Dataset extract>
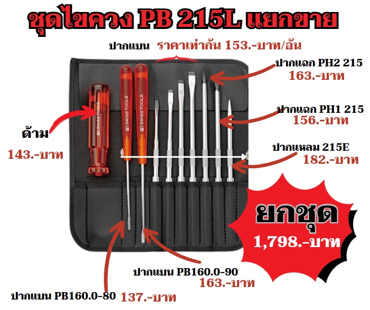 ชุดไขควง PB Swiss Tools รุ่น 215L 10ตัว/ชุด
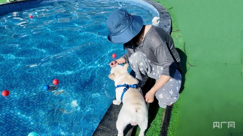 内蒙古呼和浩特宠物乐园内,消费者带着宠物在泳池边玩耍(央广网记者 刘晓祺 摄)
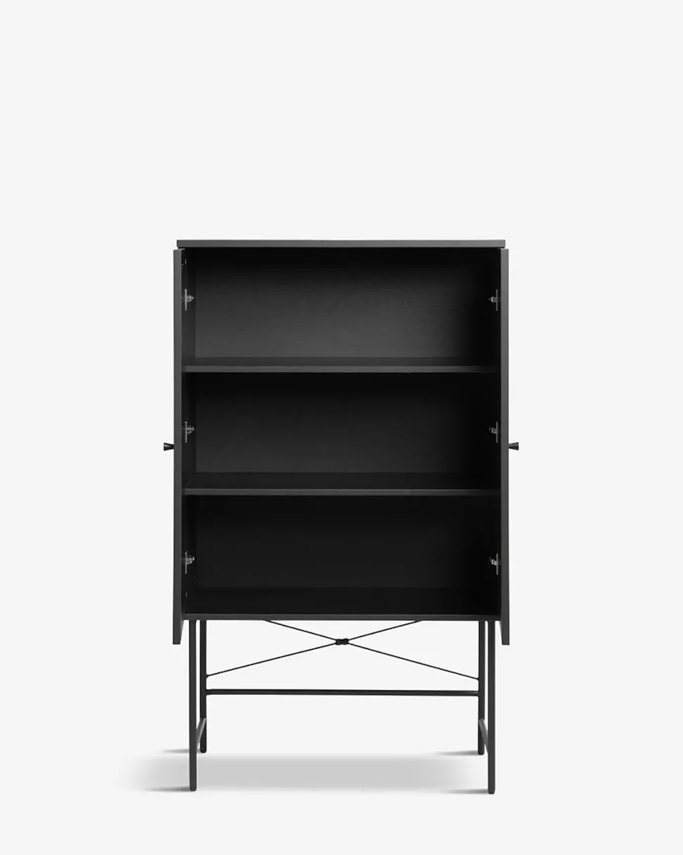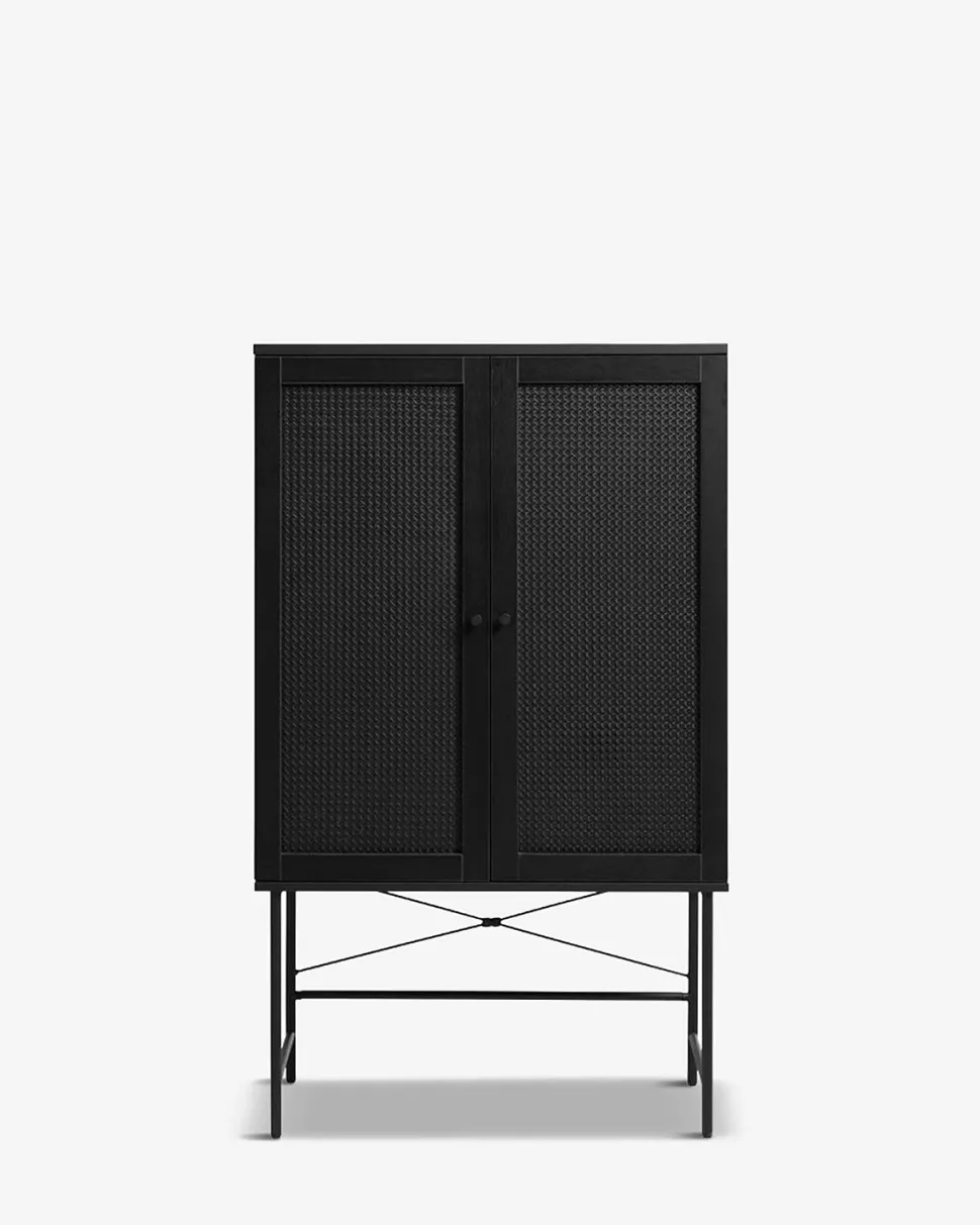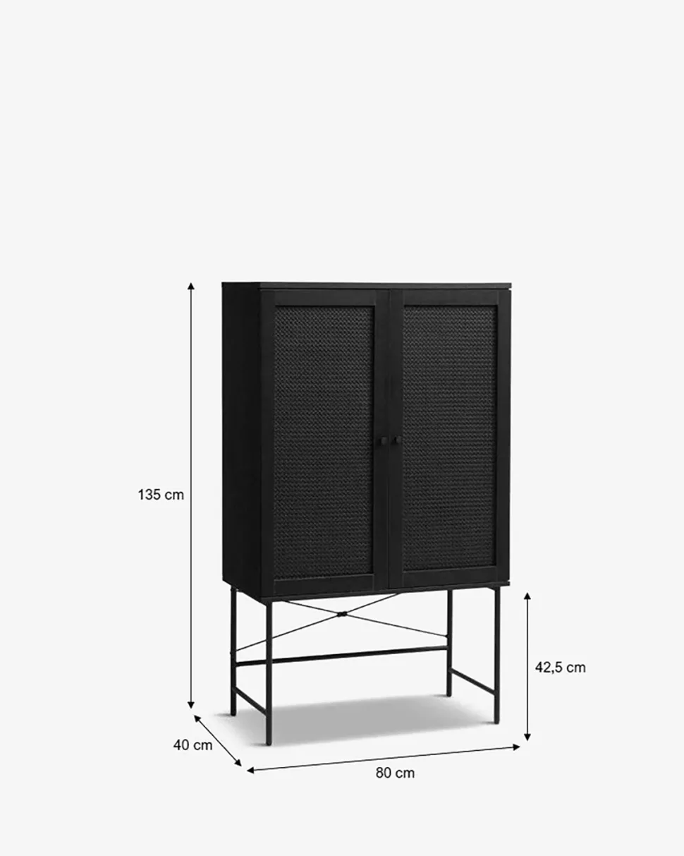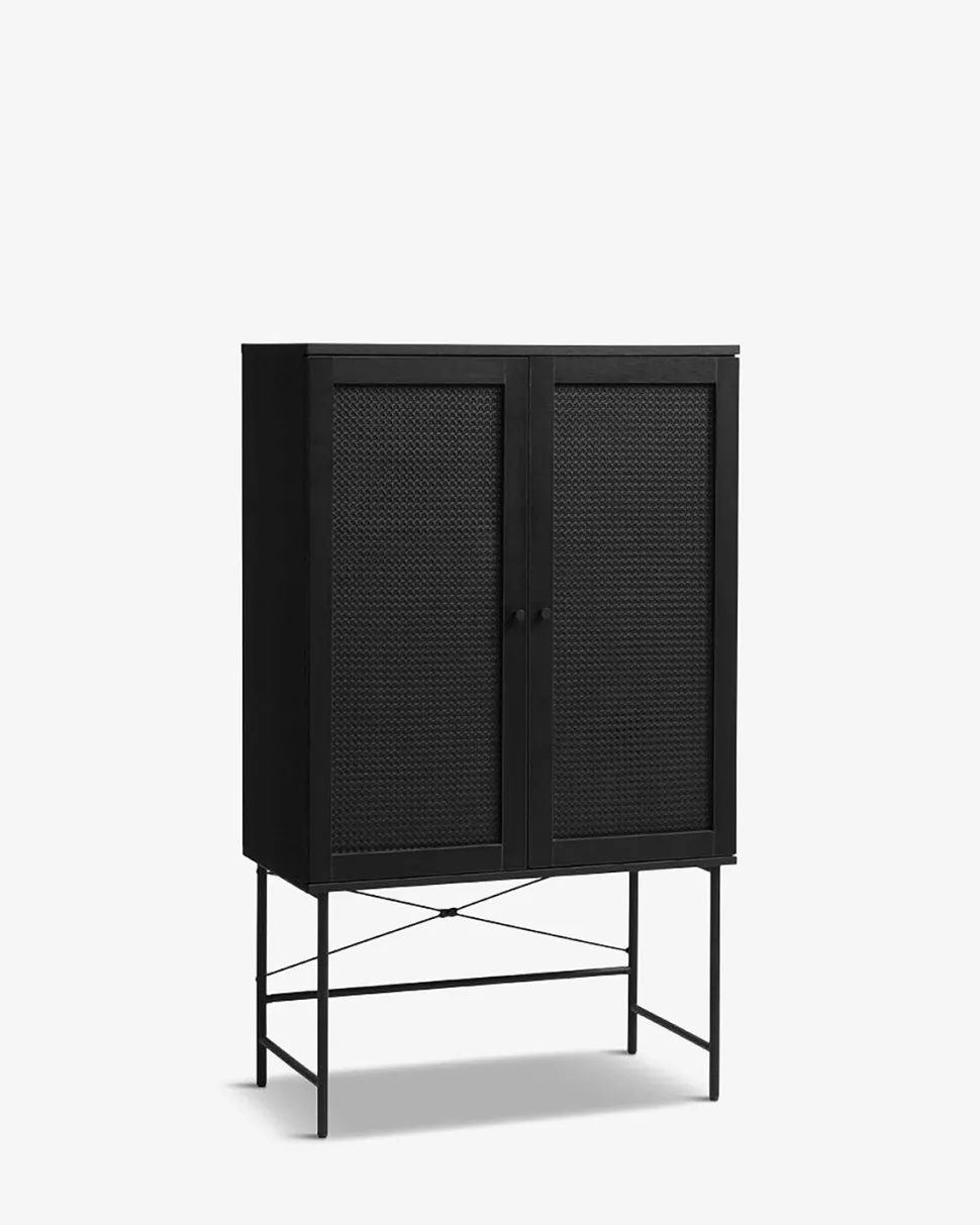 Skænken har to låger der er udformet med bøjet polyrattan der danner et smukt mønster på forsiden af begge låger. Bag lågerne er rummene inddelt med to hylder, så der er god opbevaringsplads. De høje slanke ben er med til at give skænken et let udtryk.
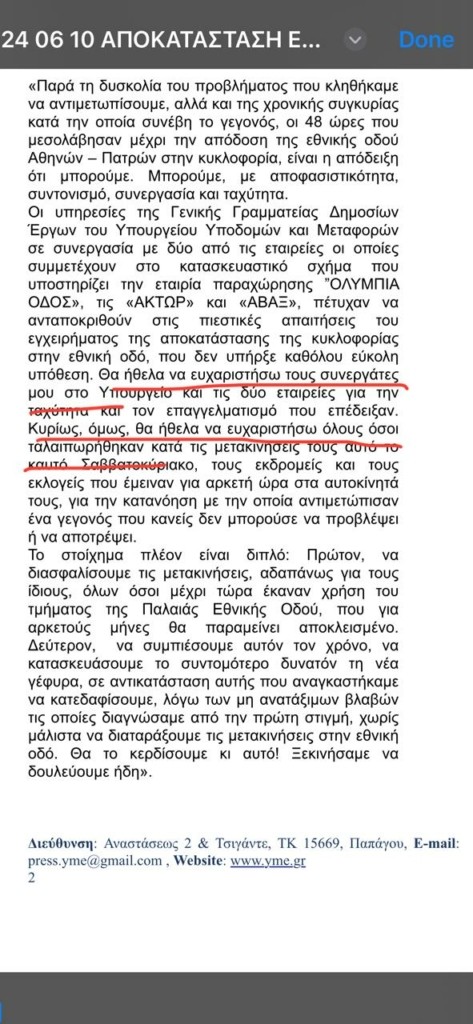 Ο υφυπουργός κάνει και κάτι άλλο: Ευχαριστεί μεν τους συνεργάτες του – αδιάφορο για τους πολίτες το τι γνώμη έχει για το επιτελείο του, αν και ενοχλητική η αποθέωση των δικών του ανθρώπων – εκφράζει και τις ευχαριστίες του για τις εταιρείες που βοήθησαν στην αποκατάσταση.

What is being asked> Where the data contains an image, skip the image and copy everything else exactly as it appears.

Task solution>
 ชุดไขควง PB Swiss Tools รุ่น 215L 10ตัว/ชุด
 内蒙古呼和浩特宠物乐园内,消费者带着宠物在泳池边玩耍(央广网记者 刘晓祺 摄)
 Skænken har to låger der er udformet med bøjet polyrattan der danner et smukt mønster på forsiden af begge låger. Bag lågerne er rummene inddelt med to hylder, så der er god opbevaringsplads. De høje slanke ben er med til at give skænken et let udtryk.
 Ο υφυπουργός κάνει και κάτι άλλο: Ευχαριστεί μεν τους συνεργάτες του – αδιάφορο για τους πολίτες το τι γνώμη έχει για το επιτελείο του, αν και ενοχλητική η αποθέωση των δικών του ανθρώπων – εκφράζει και τις ευχαριστίες του για τις εταιρείες που βοήθησαν στην αποκατάσταση.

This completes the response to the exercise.